China will require tech companies to pass cyber security screening prior to IPO resistance to cyber attacks. Such an ultimatum was put forward in connection with tightening control over information collected by tech giants, Bloomberg reports.
Before an IPO (initial public offering), companies will have to get approval from the China Cybersecurity Authority. The new rules are due to the expansion of legislation, which now spelled out requirements for data security and privacy on the Internet. The government plans to monitor private companies' compliance with cybersecurity measures.
New rules may cause dissatisfaction: technology firms expected to go public on the Hong Kong stock exchange, as US regulators also began to scrutinize new listings. US regulators plan to exclude from the quotation lists of American exchanges the shares of companies whose auditors refuse to open their accounts to supervisory authorities. Such measures could lead to the withdrawal of Chinese securities from US exchanges worth almost two trillion dollars from 2024.
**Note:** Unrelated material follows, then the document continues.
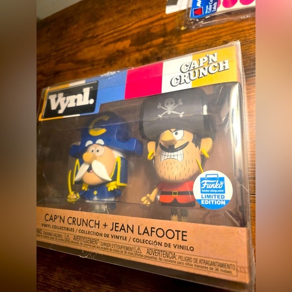 Step up your Funko collection with this limited edition Funko VYNL. figure set featuring the iconic Cap'n Crunch and his trusty sidekick, Jean LaFoote. This vibrant and colorful vinyl figure set is perfect for any Funko collector or cereal enthusiast. The figures are brand new and come in a protector to ensure their safety.
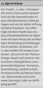 Datenbank mit beispielhaften Klimamaßnahmen: http://www.cipra.org/de/cc.alps/ergebnisse/good-practice . Der vollständige CIPRA compact über Klimawandel und Naturschutz ist unter http://www.cipra.org/de/cc.alps/ergebnisse/compacts zum Download verfügbar.

Chinese Internet companies that collect data and are related to national security will also need to get approval from the authorities before mergers, divisions and restructuring. Without regulatory approval, tech giants will not be able to establish overseas headquarters.
The National Bank of China announced its intention to protect user privacy and data security in early October 2021. Regulator Chairman Yi Gang promised that the country will continue to impose new measures against companies from the financial technology sector.